Existing investors can buy three new shares for every 10 they own at 6.35 euros apiece, a third lower than Monday’s price. The French state, which owns about 86 percent of the utility, will subscribe for about 3 billion euros of stock, Paris-based EDF said in a statement.
The company announced plans for the sale last April. EDF suffered from a lackluster electricity market last year as well as prolonged halts at some of its atomic plants, prompting it to cut 2016 profit forecasts twice. Rising competition also threatened the cash flow it needs to renovate its French reactors and fund a new nuclear power station at Hinkley Point in the U.K.
EDF rose 1.3 percent to 9.74 euros at 10:04 a.m. in Paris trading on Tuesday, the highest intraday price since January. The stock initially fell 2.2 percent.
“Although the discount implied in the equity raise is higher than expected, we do see some positives here for the medium-term investment case,” said Ahmed Farman, an analyst at Jefferies International Ltd. in London. The announcement removes uncertainty for shareholders and “the proceeds would help strengthen EDF’s balance sheet,” he said in an email.
The rights will trade on Euronext Paris from Wednesday through March 17, and the subscription period will run March 10 to March 21, the statement shows.
EDF has cut costs and jobs, pared investments and set out a plan to divest at least 10 billion euros of assets from 2015 to 2020 to help fund its 12 billion-pound ($15 billion) share of the Hinkley Point plant. It must also this year complete its purchase of at least 51 percent of Areva SA’s reactor unit after last year announcing a binding agreement to take control of the 2.5 billion-euro business.

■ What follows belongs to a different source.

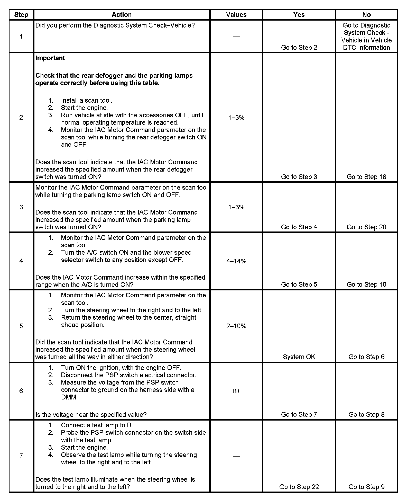5. This step verifies the operation of the power steering pressure (PSP) switch circuit. If the engine idle speed and IAC Motor Command increase when the steering wheel is turned to 90 percent, the PSP switch idle circuit is functioning normally.

“Assuming this 4 billion-euro rights issue enables a slight decrease in financial expenses in the very short term, while funding part of the Areva NP acquisition, earnings-per-share dilution would be limited to the tune of about 16 percent to 17 percent,” Pierre-Antoine Chazal, an analyst at Bryan Garnier & Co. in Paris, said in a note.
EDF in February reported a 15 percent decline in 2016 adjusted earnings, and said 2017 will remain “difficult,” while 2018 will be “the year of the rebound.”